DATA EXCERPTS:
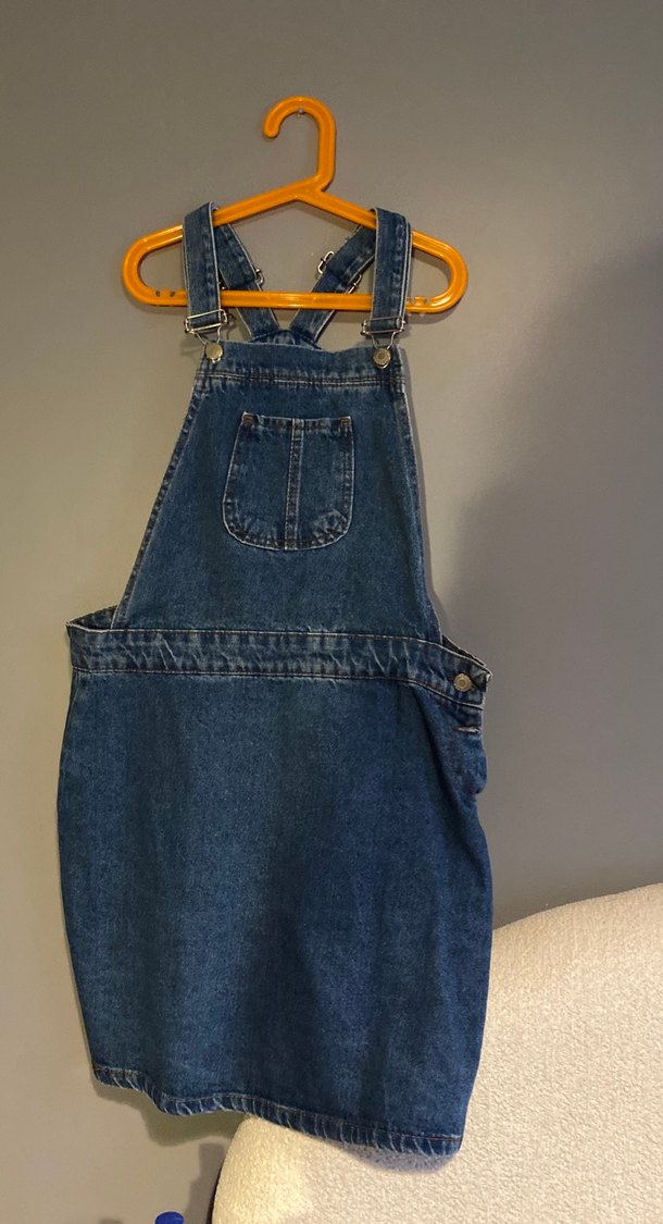 Ayarlanabilir tokalı askıları ve ön cebi olan, rahat kesim lacivert denim midi tulum, günlük sokak stili için uygun.
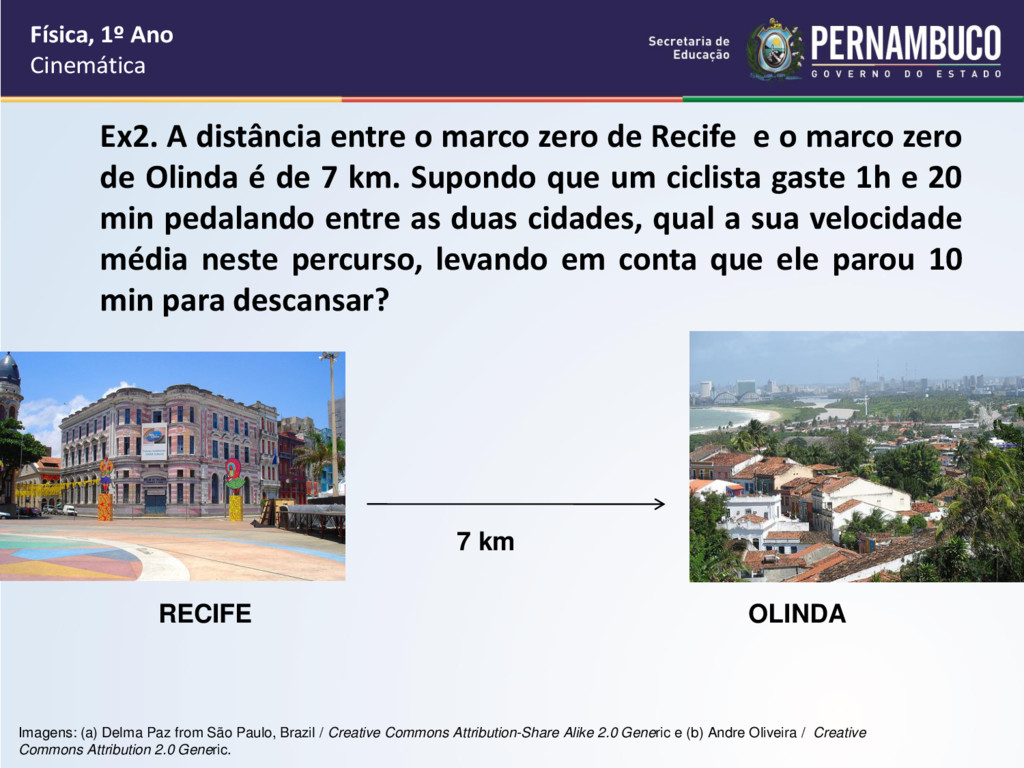 o marco zero de Olinda é de 7 km. Supondo que um ciclista gaste 1h e 20 min pedalando entre as duas cidades, qual a sua velocidade média neste percurso, levando em conta que ele parou 10 min para descansar? Física, 1º Ano Cinemática RECIFE 7 km OLINDA Imagens: (a) Delma Paz from São Paulo, Brazil / Creative Commons Attribution-Share Alike 2.0 Generic e (b) Andre Oliveira / Creative Commons Attribution 2.0 Generic.
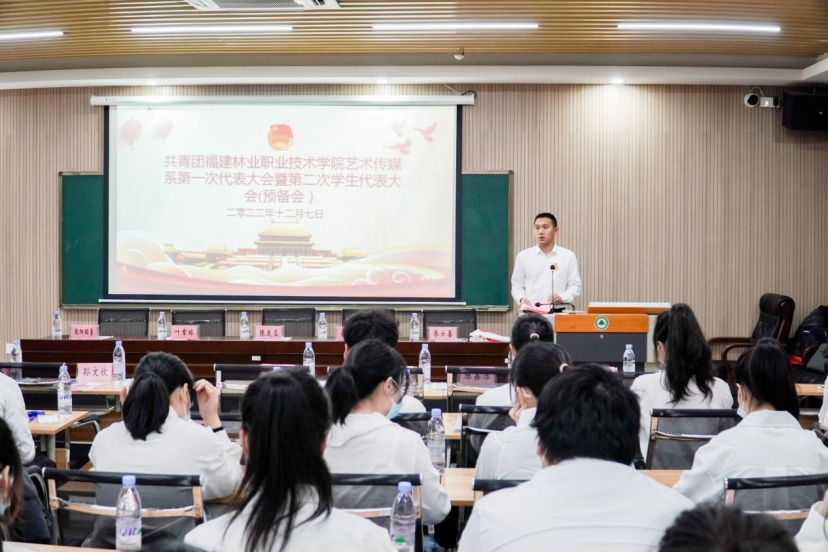 2022年12月7日上午,福建林业职业技术学院艺术传媒系第一次团员代表大会暨第二次学生代表大会在天麟校区科教楼101会议室隆重召开。院团委书记陈友益,艺术传媒系党总支书记陈政,党总支副书记叶章球,专职组织员欧阳昭勇,学生科科长兼团总支书记廖士喜、系专职辅导员孙文欣、唐婧、雷忠春、宋慧敏、陈鑫洁、陈欣、王玮琪,2021届主席团成员黄嘉琪、李玲同学,以及我系48名团员代表和学生代表参加了本次大会。本次大会共分为五个阶段。
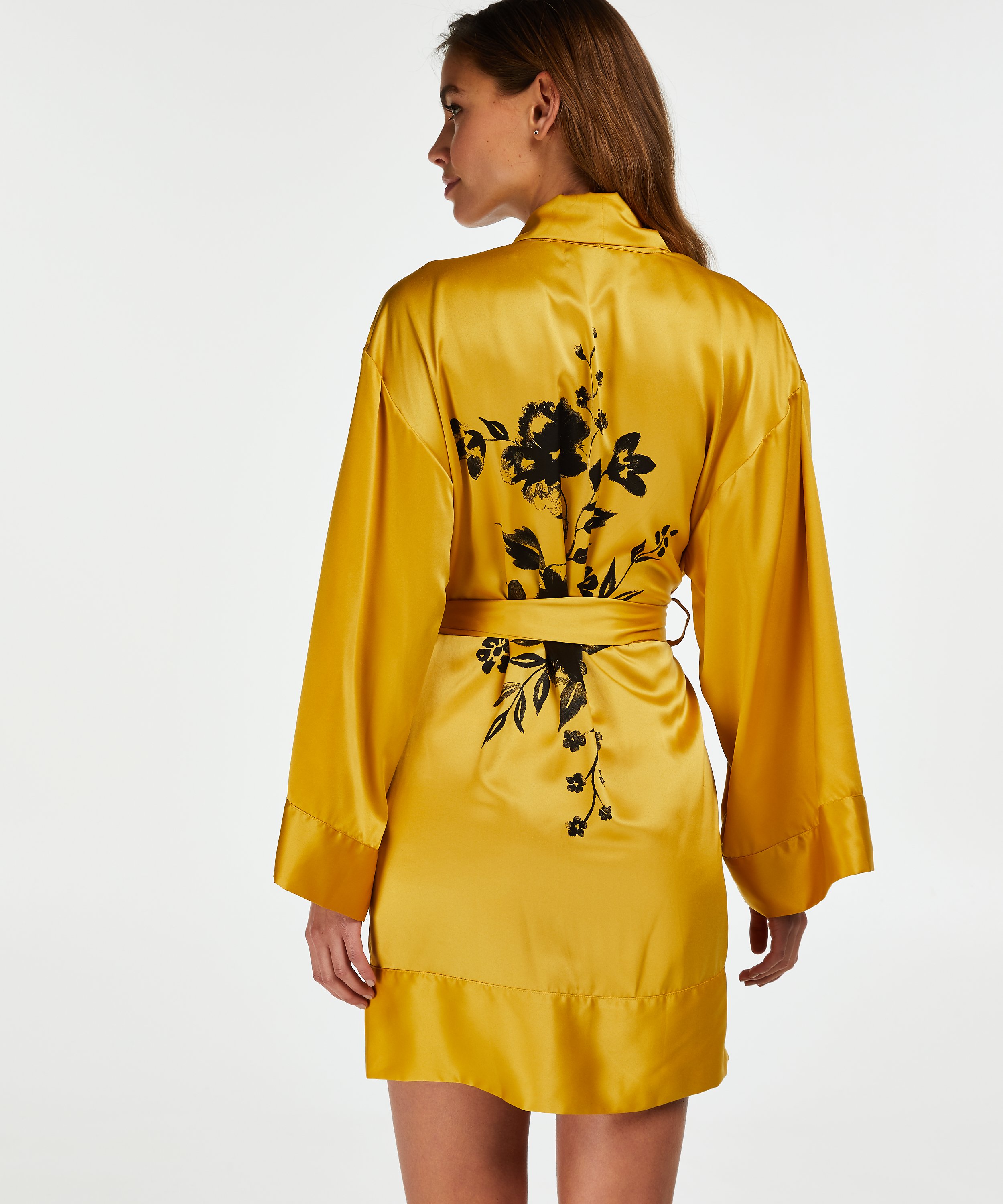 Make your lingerie set complete with this seductive kimono! The back is finished with a floral pattern.
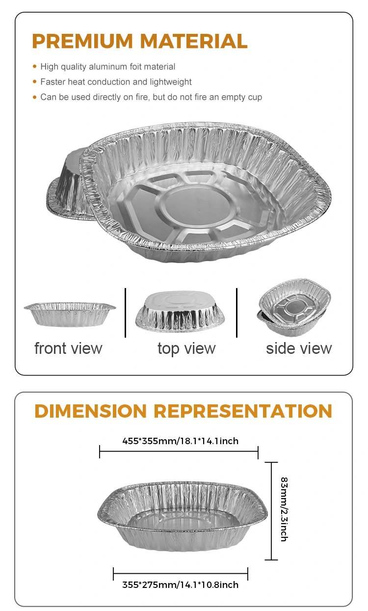 ​Yunchu aluminum foil wholesale Large capacity grilled chicken griddle Silver Aluminum Foil Containers, large capacity can be adapted to a wide range, the scene is the same, takeaway, wholesale flow suppliers, large parties, can provide large portions of restaurants, prefabricated dishes, restaurant refrigeration and other places that need to be used, large gatherings and company dinners are also suitable, the product can support equipment heating, can be immediately heated In uporabljena v zunanjih in drugih scenarijih, celotna struktura združuje ojačevalce in dno navadne konkavne in izbočene oblike, tako da sta zagotovljena njegova trajnost in varnost.

WHAT TO PRODUCE: Set out nothing but the lines from the line with "2022年12月7日上午,福" through the end of the material, reproduced exactly, both ends included, pictures omitted.

SOLUTION TO THIS EXERCISE:
 2022年12月7日上午,福建林业职业技术学院艺术传媒系第一次团员代表大会暨第二次学生代表大会在天麟校区科教楼101会议室隆重召开。院团委书记陈友益,艺术传媒系党总支书记陈政,党总支副书记叶章球,专职组织员欧阳昭勇,学生科科长兼团总支书记廖士喜、系专职辅导员孙文欣、唐婧、雷忠春、宋慧敏、陈鑫洁、陈欣、王玮琪,2021届主席团成员黄嘉琪、李玲同学,以及我系48名团员代表和学生代表参加了本次大会。本次大会共分为五个阶段。
 Make your lingerie set complete with this seductive kimono! The back is finished with a floral pattern.
 ​Yunchu aluminum foil wholesale Large capacity grilled chicken griddle Silver Aluminum Foil Containers, large capacity can be adapted to a wide range, the scene is the same, takeaway, wholesale flow suppliers, large parties, can provide large portions of restaurants, prefabricated dishes, restaurant refrigeration and other places that need to be used, large gatherings and company dinners are also suitable, the product can support equipment heating, can be immediately heated In uporabljena v zunanjih in drugih scenarijih, celotna struktura združuje ojačevalce in dno navadne konkavne in izbočene oblike, tako da sta zagotovljena njegova trajnost in varnost.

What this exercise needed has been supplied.